Giovanni Marangoni (6 August 1673 – 5 February 1753) was a Roman Catholic priest and antiquarian.

==Biography==
He was born in Verona, and became a canon at the Cathedral of Anagni, and later an apostolic protonotary. He was named custodian of the Roman Catacombs.

==Works==
- Delle memorie sacre e profane dell'anfiteatro di Roma, volgarmente detto il Colosseo (about the Roman Colosseum) (1746)

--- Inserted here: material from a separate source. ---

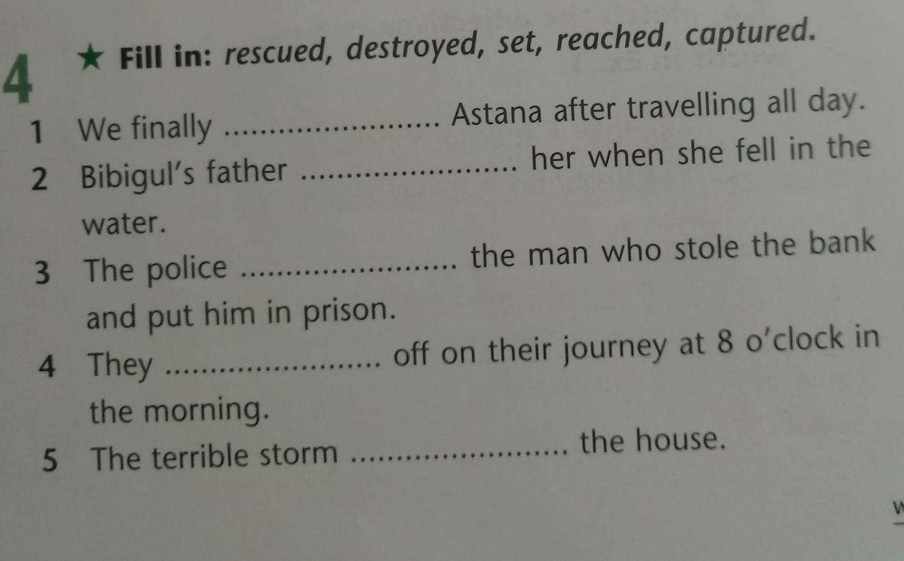 1)reached; 2)rescued; 3)captured; 4)set; 5)destroyed.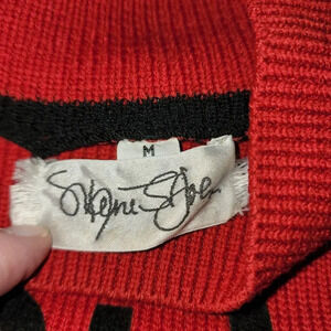 Vintage St John Womens Red Turtleneck Balloon Sleeve Initial Sweater Medium.

- Istoria dell'antichissimo oratorio, o Capella di San Lorenzo nel patriarchio lateranense, comunemente appellato Sancta Sanctorum, e della celebre immagine del SS. Salvatore detta Acheropita, che ivi conservasi (Stamperia San Michele, Rome, 1747).
- Il Divoto Pellegrino Guidato, ed Istruito nella Visita delle quattro Basiliche di Roma, per il Giubileo dell'Anno Santo 1750., Stamperia del Characas, presso San Marco al Corso, Rome, 1749.
- Grandezze dell'Arcangelo San Michele nella Chiesa Trionfante, Militante, e Purgante, esposte in Dieci Lezioni, ed altrettante Meditazioni, e Considerazioni. Stamperia di Giovanni Zempel, 1739.
- Delle Cose Gentilesche e Profane Trasportate Ad Uso, e Adornamento delle Chiese. Stamperia di Niccolò e Marco Pagliarini, 1744.
- Delle Memorie Sagre e Civili dell'Antica Citta di Novana, oggi Civitanova, nella Provincia del Piceno. Stamperia di Giovanni Zempel. 1743.